Warga setempat mengeluhkan mekanisme baru yang diterapkan pangkalan, di mana mereka harus membawa tabung kosong dan menyetor uang di muka sebelum gas dapat diserahkan. Jika mekanisme ini tidak dipatuhi, warga tidak akan mendapatkan tabung LPG 3 kg sama sekali. Praktik ini dianggap memberatkan, apalagi dalam situasi darurat pasca bencana.
Selain itu, distribusi LPG juga terhambat akibat putusnya jembatan penghubung di jalan Medan–Banda Aceh–Medan, sehingga pengiriman dari daerah lain terlambat. Akibatnya, gas baru bisa sampai ke tangan warga setelah menunggu hingga tiga hari. Banyak warga terpaksa mencari alternatif memasak dengan kayu bakar atau bahan seadanya karena tidak memiliki gas.
“Harus setor dulu baru dapat, tapi gasnya baru datang tiga hari kemudian. Kami jadi kesulitan memasak untuk anak-anak,” ujar salah seorang warga yang enggan disebutkan namanya.

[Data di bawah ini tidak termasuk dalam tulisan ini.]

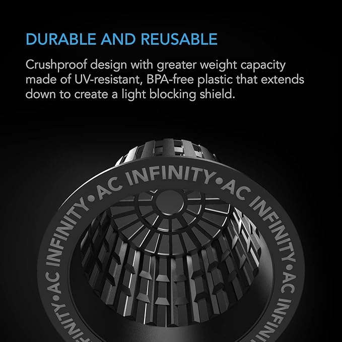 - Wide lips fit in circular surfaces like mason jars and trays in nutrient film technique applications.

Kondisi ini menimbulkan pertanyaan publik mengenai pengawasan distribusi LPG saat darurat bencana dan peran pemerintah daerah dalam memastikan ketersediaan energi rumah tangga bagi warga terdampak. Praktik pangkalan yang mewajibkan pembayaran di muka serta keterlambatan distribusi akibat infrastruktur putus dianggap memberatkan dan tidak manusiawi, terutama bagi masyarakat yang tengah menghadapi situasi kritis.